Realizzai, in quei giorni, di essermi sbagliata. Quelle persone, quando parlavano di lupi, intendevano proprio forti e pelosi lupi che ululavano alla luna. Non erano due clan nemici, ma due branchi di lupi mannari: quello della famiglia di Vera, che controllava il territorio a nord-est del fiume Neva, e quello della famiglia di Liev, dall’altra parte, nella zona sud-ovest di San Pietroburgo.

Vera Volkov, la ragazzina scampata per un soffio alla morte, non era una comunissima umana, bensì un lupo mannaro, non altrettanto fragile, ma comunque mortale.

Nel corso dei secoli, avevo visto arrivare nella mia città le più strane creature soprannaturali. All'epoca dello zar Nicola II, San Pietroburgo aveva ospitato una colonia di upyr[1], vampiri dall'aspetto umano perfettamente integrati nell'alta società, che erano riusciti addirittura a entrare nella Duma. Durante l'invasione dell'armata tedesca, invece, avevano varcato le porte di Leningrado[2] alcuni krayl, demoni capaci di trarre energia da luoghi in cui sono avvenuti massacri.
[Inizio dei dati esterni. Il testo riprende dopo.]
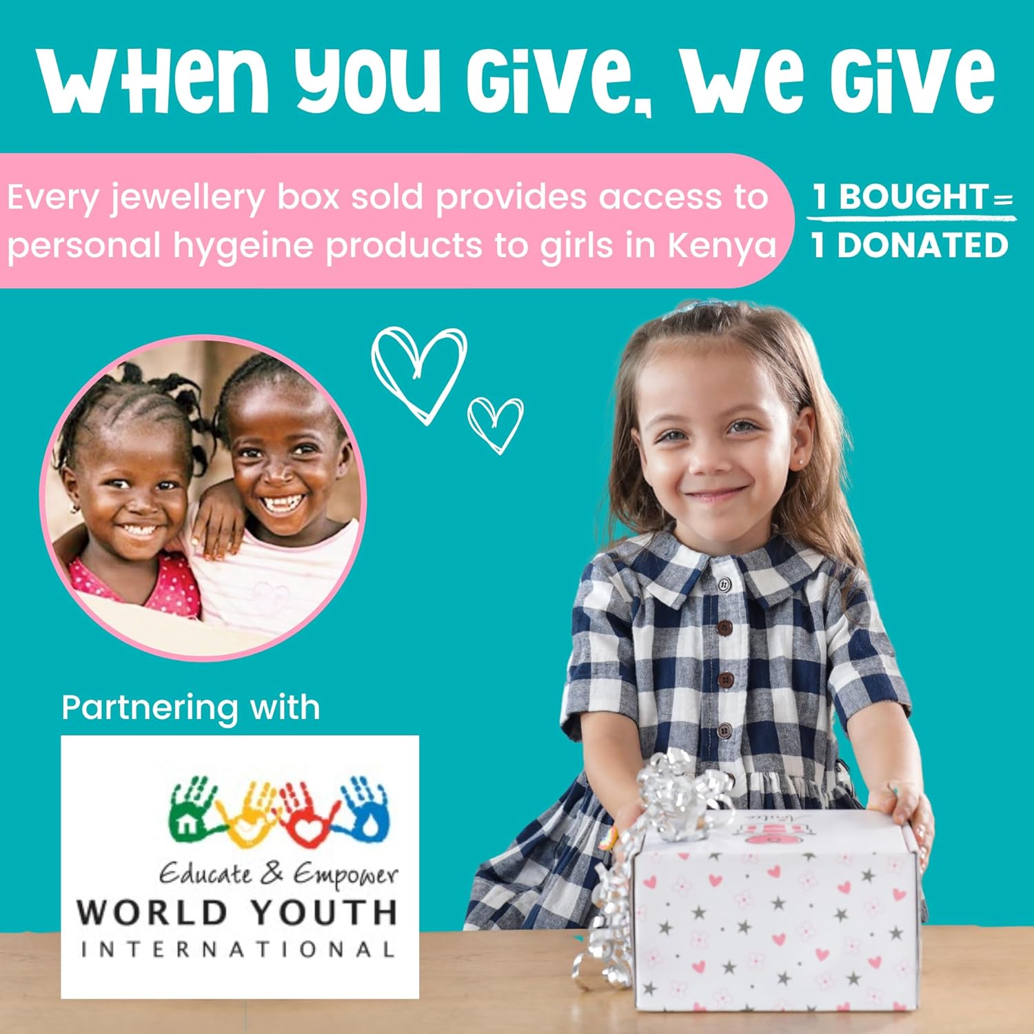 Pretty presentation & safe for children: gift-ready packaging, a pull-out drawer, mirror, and the jewellery is nickel- and lead-free — tested for kids’ safety.
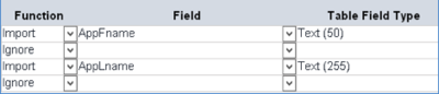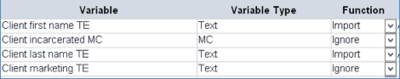 Next is the “function”—that’s what you want done with each variable that comes in from A2J. The options are “Ignore”, the default entry. If set to ignore, the A2J intake can send in data in that variable, but the system will just ignore it, essentially discarding that data. The other option is “Import”. When set to import, the system will look for and operate on data provided in that variable:
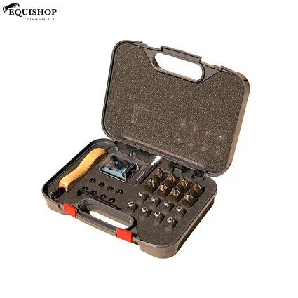 16 sarokcsavarral: 8 hegyes és 8 tompa. Menettisztítóval, sarokcsavarkulccsal, furattisztítóval, gumi és fém sapkákkal.
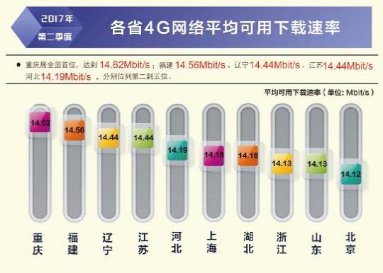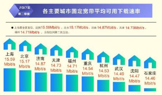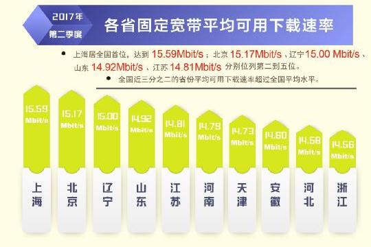 根據(jù)本次報告,除西藏自治區(qū)外,全國其他所有省級行政區(qū)域固定寬帶平均下載速率均超過 12Mbit/s,上海、北京、遼寧率先超過或達到了 15Mbit/s,位列全國前三,山東、江蘇緊隨其后。在直轄市和省會城市固定寬帶下載速率排行榜上,上海、北京、濟南、天津、福州位居前五位。從移動寬帶網(wǎng)速狀況看,重慶、福建、遼寧、江蘇、河北的 4G 網(wǎng)絡(luò)用戶下載速率排在全國省級行政區(qū)前五位;不同電信運營企業(yè)中,中國聯(lián)通的 3G 網(wǎng)絡(luò)用戶下載速率和 4G 網(wǎng)絡(luò)用戶下載速率均最高,分別達到 5.20 Mbit/s 和 15.05 Mbit/s。
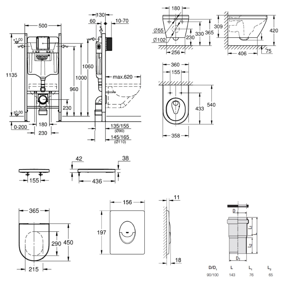 - Grohe RAPID SL PROJECT Bâti Support pour WC, 1,13M (38840000)
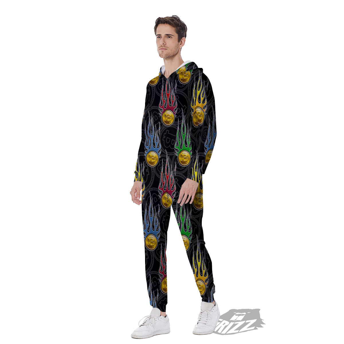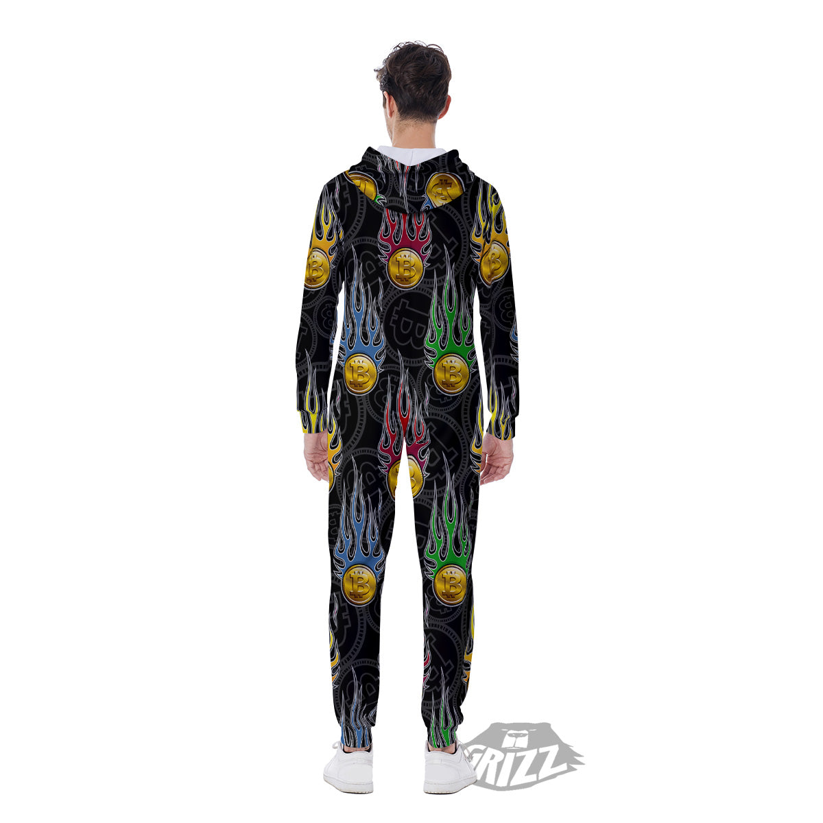 Digital Bitcoin On Fire Print Pattern Men's Jumpsuit
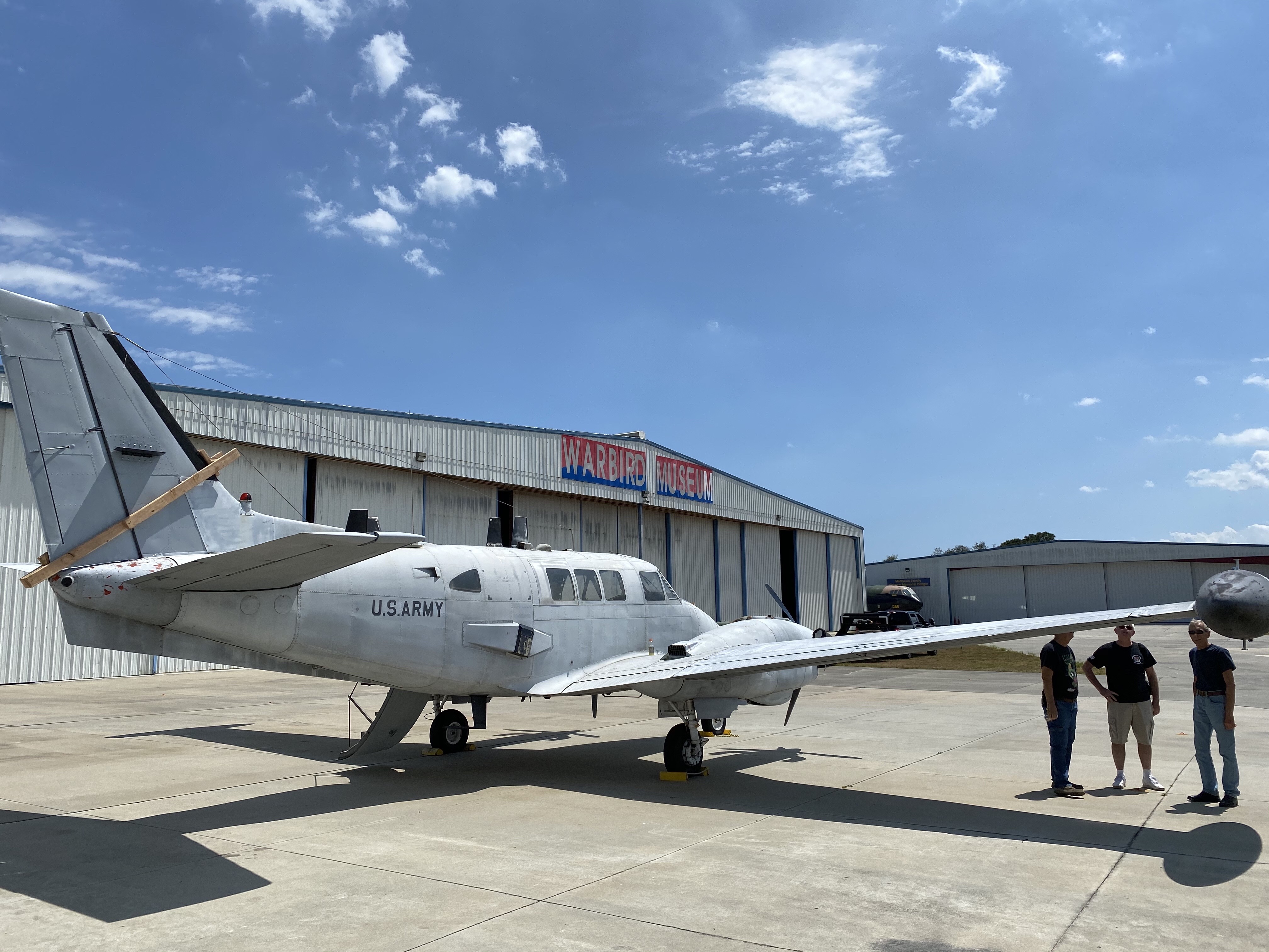 After nearly five years of diligently trying to raise funds to place an ex-U.S.Army Beechcraft RU-21A Ute on display next to B-52D 56-0687 at Orlando International Airport, (MCO), it ultimately became clear to the Board of Directors of the 138th Aviation Company Memorial, Inc. that the effort was taking far longer than anticipated to achieve. In the interest of the aircraft’s preservation therefore, the hard decision was made to donate the aircraft to the Valiant Air Command’s Warbird Air Museum in Titusville, Florida.
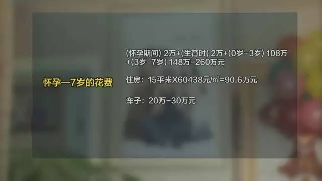 這樣算下來,從懷孕到二寶蘭熙7歲幼兒園畢業,張亞英一家需要付出的費用大約是260萬元,而這還是在車子、房子都已經提前解決的情況下,如果沒有解決,至少還要多付出一百多萬元。
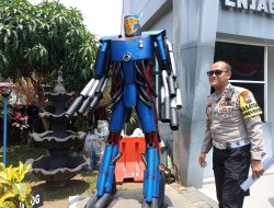 Kreatif dan Edukatif, Ratusan Knalpot Brong Sitaan Dijadikan Patung Robot Oleh Polresta Malang Kota
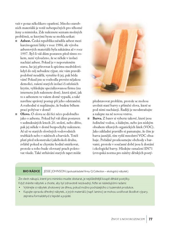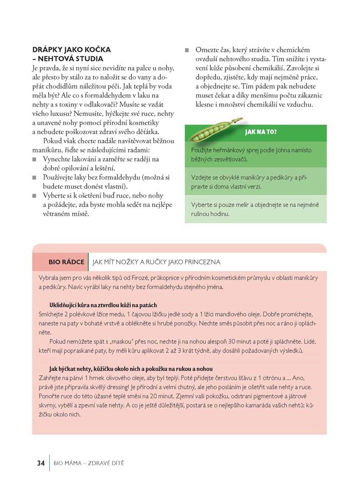Naleznete také několik receptů na chutné a zdravé pokrmy z bioproduktů, doporučení na konkrétní výrobce kosmetiky a oblečení, na jejichž zdravotní nezávadnost se můžete spolehnout, srovnání výhod a nevýhod jednorázových plenek s látkovými. Seznámíte se s pravidly ekologického zemědělství, takže se dozvíte, proč jsou biopotraviny zdravější. Naučíte se uspořádat večírek pro přátele v duchu vstřícném k životnímu prostředí, budete umět uvázat indiánský šátek, abyste mohla dítě nosit na svém těle a přečtete si, co udělat pro to, abyste si vyzkoušela život na ekologické farmě.
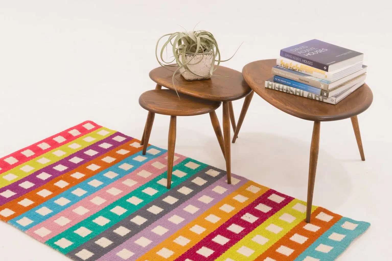 Angie Parker is an award winning designer and a weaver of some of the most visually striking and beautifully crafted rugs which are made in the UK. Her distinctive and intricate floor art and fabric creations are hand-woven using long established patterns, such as Krokbragd, which she combines with her instinctive and daring approach to colour. It is the creative process of importing a contemporary element to the time honoured techniques of rug weaving and the responses from the viewer which most excite her.
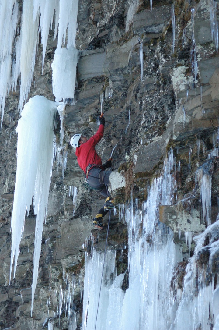 Dry-tooling up to the right side of a small ledge
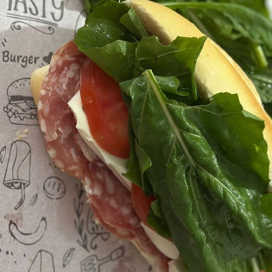 Lanche delicioso, acompanha salame, queijo branco, rúcula e tomate. Pão acompanha maionese verde. Pão tipo baguete. Serve aproximadamente 1 pessoa. Pesa aproximadamente 220g.
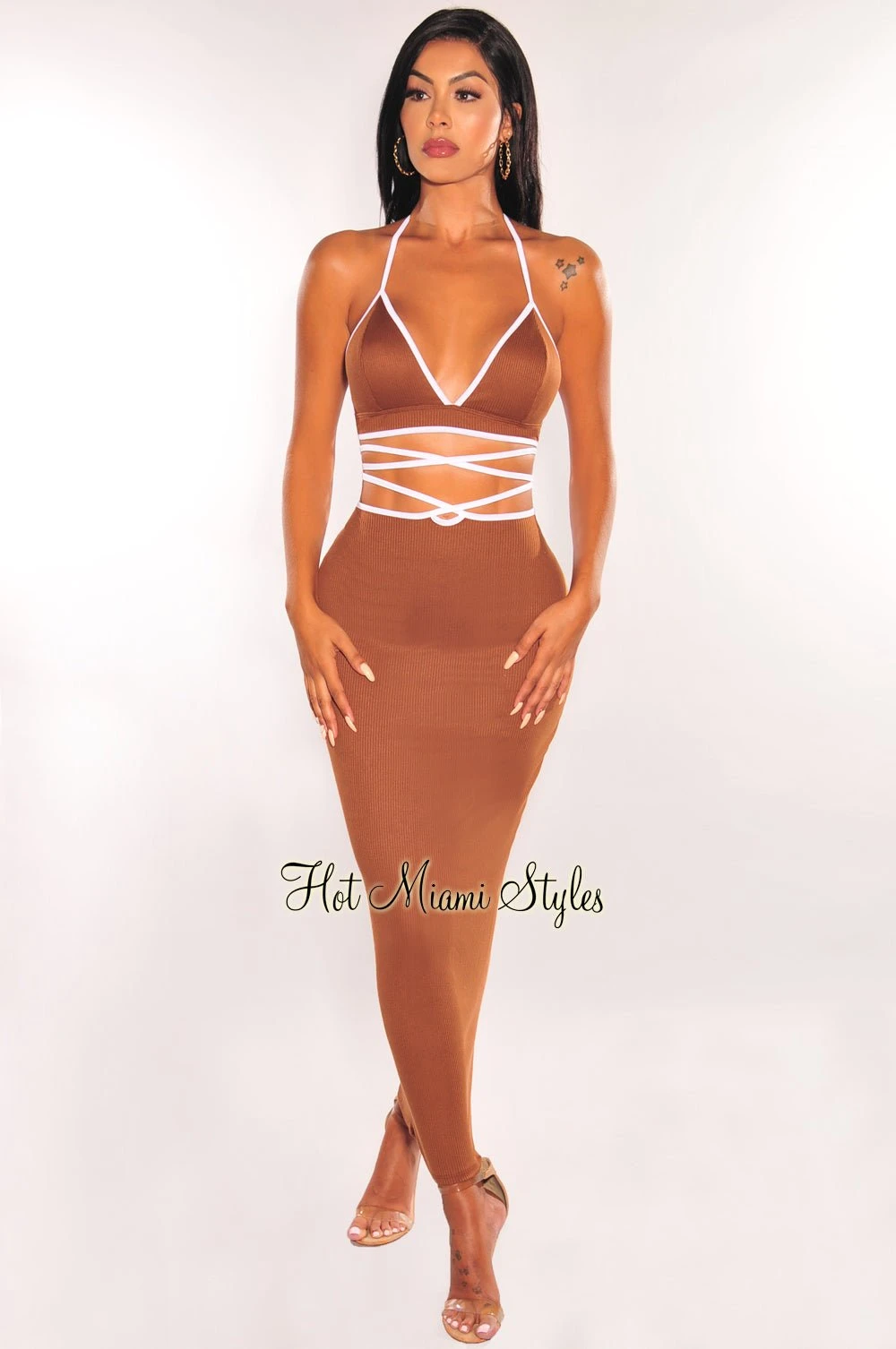 - Halter neckline
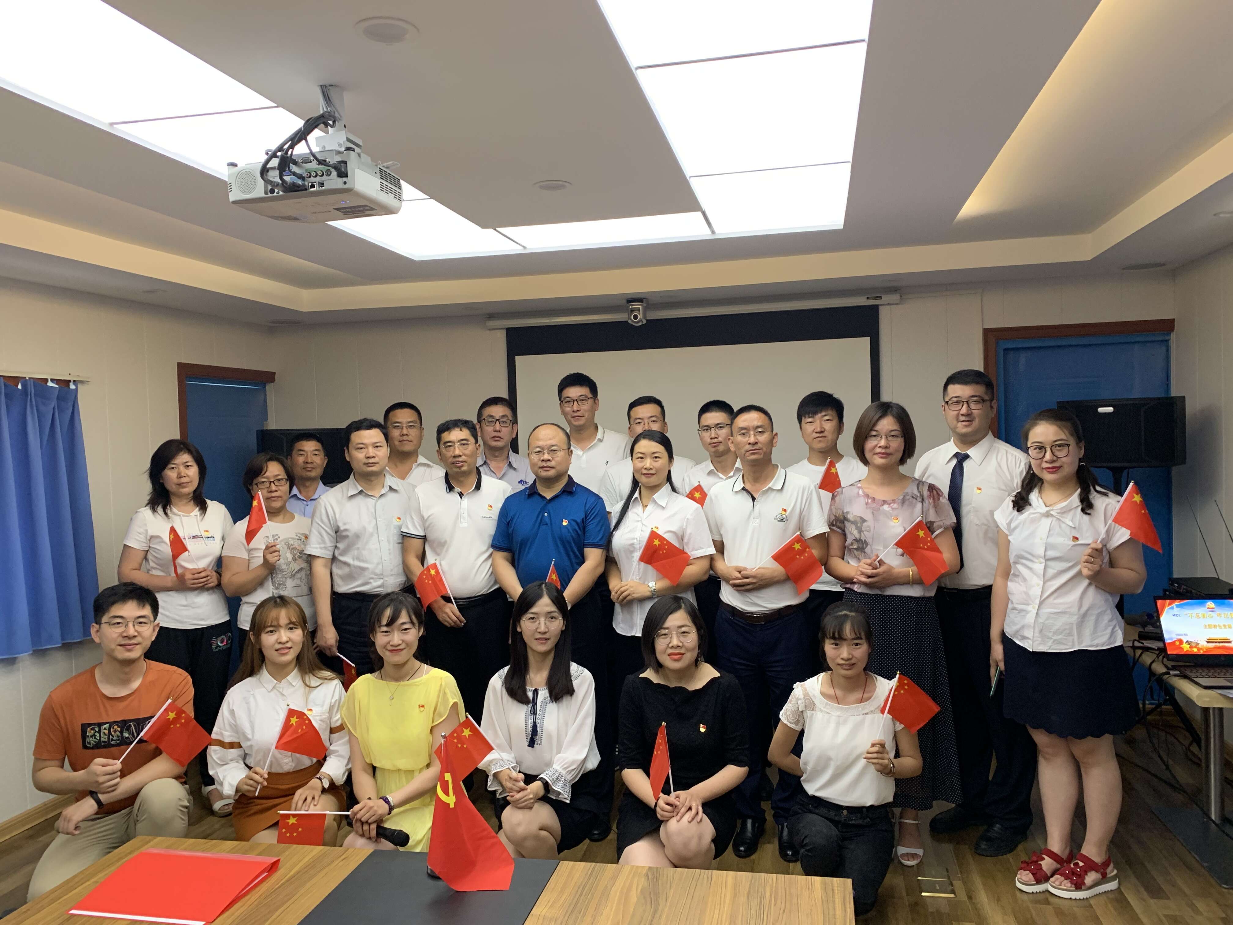 2019年,是中国共产党建党98周年,也是新中国70岁华诞,为进一步深化学习习近平新时代中国特色社会主义思想,在全党开展“不忘初心、牢记使命”主题教育之际,中国华冶科工集团有限公司在潍坊市北辰医院项目部举办“年轻干部要做到信念坚、政治强、本领高、作风硬”主题特色党课活动。中国华冶集团党委工作部部长鹿志勇、副部长陈聃,青岛分公司党委委员、党委副书记张峰,青岛分公司党委委员、潍坊市北辰医院项目党支部书记王宣,青岛分公司领导班子成员、机关支部党员代表、项目支部党员及入党积极分子等20余人参加了本次活动。
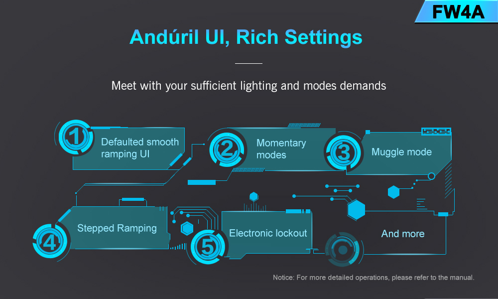 User interfaces: [1] Defaulted SMOOTH RAMPING. Instant access to TURBO mode is also provided. [2] STEPPED RAMPING UI. [3] MOMENTARY mode. [4] MUGGLE mode. [5] Electronic LOCKOUT.
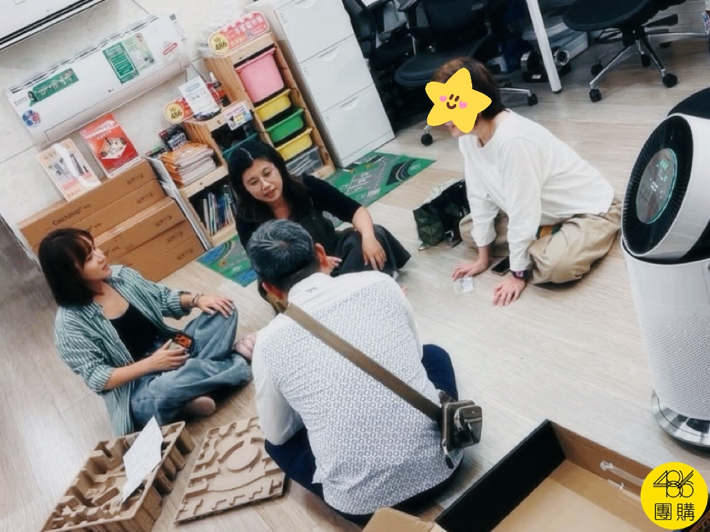 就這樣,我們現場服務人員直接跟他們一起坐在地上開箱(我們進來要換室內拖,地板每天都有掃地機自動掃+拖,非常乾淨),幫他們組裝、教他們怎麼用。
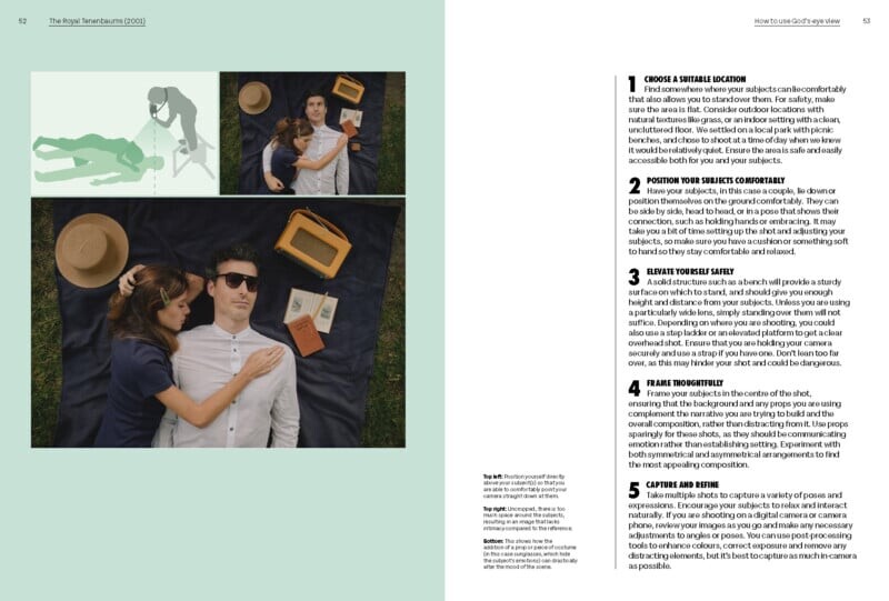 Книга подробно объясняет техники, лежащие в основе культовых фильмов Уэса Андерсона — от взгляда с высоты в «Королевских тененбаумах» до низкого ракурса в «Фантастическом мистере Фоксе» и симметрии в «Отеле Гранд Будапешт». Каждый раздел посвящен конкретному аспекту эстетики Андерсона и включает в себя иллюстрированные, пошаговые задания для фотографов.
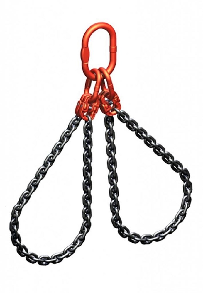 Цепной строп TOR 2СЦвз г/п 5,3 т 2,7 м 1024424 представляет собой металлическое кольцо с закрепленными на нем двумя замкнутыми ветвями из стальной цепи.

Per moltissimi anni, coloro che erano riusciti a guardare al di là della banalità del mondo degli umani e a riconoscere l’esistenza di creature soprannaturali, avevano annoverato anche me tra queste ultime. Eppure c’è una differenza sostanziale tra quelli come me e quelli come loro: le creature soprannaturali muoiono, seppur con tempi molto diversi da quelli umani. Per di più, i mortali, quando vengono da questa parte, sono tutti uguali. Dalla notte dei tempi, la morte ha livellato le anime di umani e non, rendendole nient’altro che soffi di vite passate che, prima o poi, sarebbero svaniti tra i venti del tempo. Ha privato di ordine e bellezza antiche gesta[3], collocate in una storia irrilevante di fronte all'oblio. Da questa parte, le anime non sono altro che anime, specchi vacui di una corporeità insignificante.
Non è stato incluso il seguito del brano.